Returning to our genetic sample, we asked the program to draw 100 individuals at random from four demes on the final day of simulation. We can calculate the pairwise genetic identity between all pairs of individuals in this sample using the \code{get_identity_matrix()} function. Genetic identity is calculated as the proportion of identical genetic values over all possible pairs of haplotypes compared between two individuals. This means two individuals will only have identity = 1 if they are monoclonal and matching at every locus. It follows that an individual will be less than perfectly identical with itself if it carries multiple distinct haplotypes.

As long as genetic values represent ancestry, as they do in this simulation, what we are really measuring here is average identity by descent (IBD) between haplotypes.
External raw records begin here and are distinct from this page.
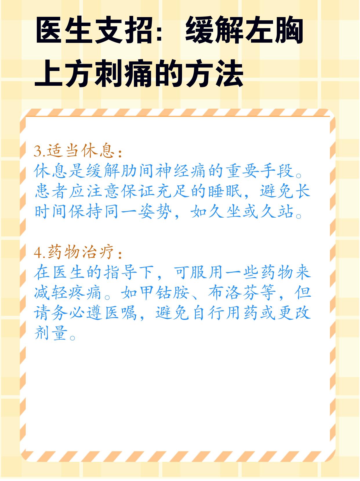 💔我仔细询问了他的病史和生活习惯,并进行了详细的检查。告诉他,他的症状是由肋间神经痛引起的。
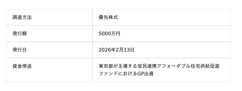 本調達は、当社が運営事業者(無限責任組合員、以下「GP」)として選定された「東京都・官民連携アフォーダブル住宅供給促進ファンド」の運営基盤を強化するためのものであり、国内初(※1)の「GP出資連動型トラッキングストック」を活用したスキームとなります。
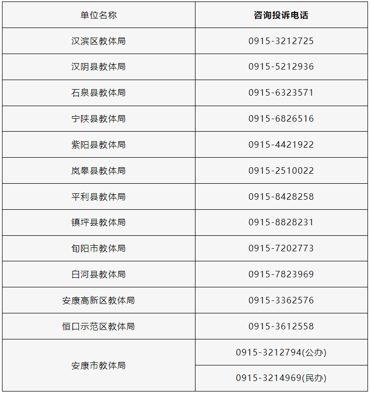 2.2024年安康市義務(wù)教育招生入學(xué)工作咨詢(xún)投訴電話(huà)
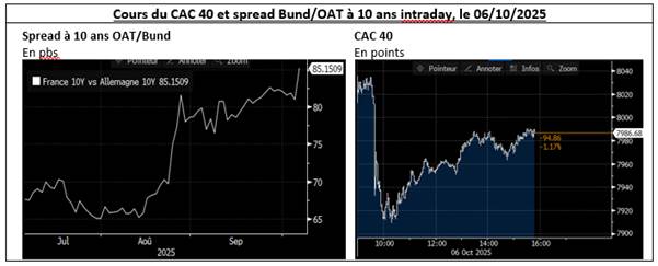 Unsurprisingly, the announcement of Lecornu’s resignation sent the CAC 40 into a downward spiral, driven in particular by stocks exposed to the French sovereign (utilities, financials) on the one hand, and on the other hand, the opening of the 10-year Bund/OAT spread beyond 85 bps (see below).
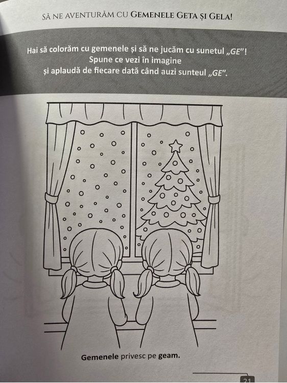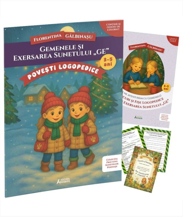 - Poveste logopedica „Gemenele si exersarea sunetului GE” care introduce sunetul GE prin joaca si imaginatie. Format A4 - 24 pagini

If genetic values were converted into alleles prior to running this function then we would be measuring identity by state (IBS).
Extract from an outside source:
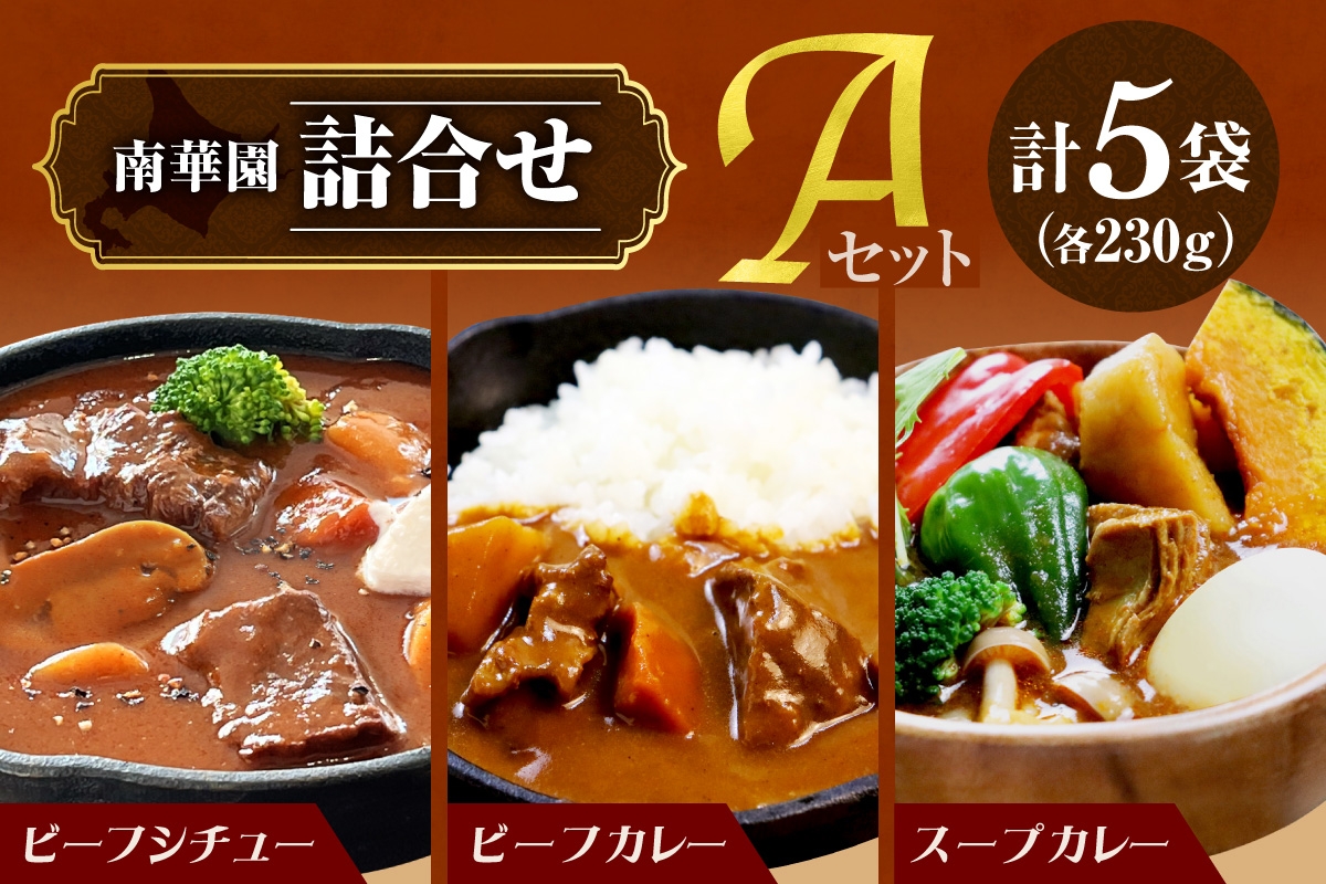 ~三つの味わいが、贅沢なひとときを演出~ 南華園 詰合せ5個入り【Aセット】|ビーフシチュー ビーフカレー スープカレー レンチン 北海道産 牛肉 鶏肉 簡単調理 北海道 札幌市

```{r, out.width="70%", out.height="70%"}
# get pairwise genetic identity between all individuals
indlevel_identity <- get_identity_matrix(sim_mig, deme_level = FALSE)

# get into long form dataframe
n_pos <- nrow(indlevel_identity[[1]])
df_indlevel_identity <- expand_grid(samp1 = 1:n_pos, samp2 = 1:n_pos)
df_indlevel_identity$value <- as.vector(indlevel_identity[[1]])

# plot pairwise matrix
ggplot(df_indlevel_identity) + theme_void() +
  geom_raster(aes(x = samp1, y = samp2, fill = value)) +
  scale_fill_viridis_c(option = "magma", name = "Identity by descent")
```

We can also use the same function to summarise genetic identity at the deme level rather than the individual level through the `deme_level = TRUE` argument:

```{r, out.width="40%", out.height="40%", fig.width=4, fig.height=2.5}
# get pairwise genetic identity between all demes
deme_level_identity <- get_identity_matrix(sim_mig, deme_level = TRUE)

# get into long form data.frame
n_deme <- nrow(deme_level_identity[[1]])
df_deme_level_identity <- expand_grid(deme1 = sample_df$deme, deme2 = sample_df$deme)
df_deme_level_identity$IBD <- as.vector(deme_level_identity[[1]])

# plot pairwise matrix
ggplot(df_deme_level_identity) + theme_bw() +
  geom_raster(aes(x = as.factor(deme1), y = as.factor(deme2), fill = IBD)) +
  xlab("deme1") + ylab("deme2") +
  scale_fill_viridis_c(option = "magma", name = "Identity by descent")
```

We can see that some demes are more closely related than others. We can visualise this spatially by drawing edges between our sampled demes, with edge thickness/colour proportional to IBD:

```{r, out.width="70%", out.height="70%"}
# append deme coordinates
sample_df_simple <- sample_df |>
  dplyr::select(lat, lon, deme)

df_deme_level_identity <- df_deme_level_identity |>
  dplyr::rename(deme = deme1) |>
  dplyr::left_join(sample_df_simple, by = "deme") |>
  dplyr::rename(deme1 = deme,
                deme = deme2) |>
  dplyr::left_join(sample_df_simple, by = "deme") %>%
  dplyr::rename(deme2 = deme)

# plot pairwise IBD
df_deme_level_identity |>
  dplyr::filter(deme1 != deme2) |>
  ggplot() + theme_bw() +
  geom_segment(aes(x = lon.x, y = lat.x, xend = lon.y, yend = lat.y, size = IBD, col = IBD),
               lineend = "round") +
  xlab("Lon") + ylab("Lat") +
  guides(size = "none")
```

On average we would expect to see that demes closer together would be more highly related, although this will also be influenced in complex ways by relative transmission intensity.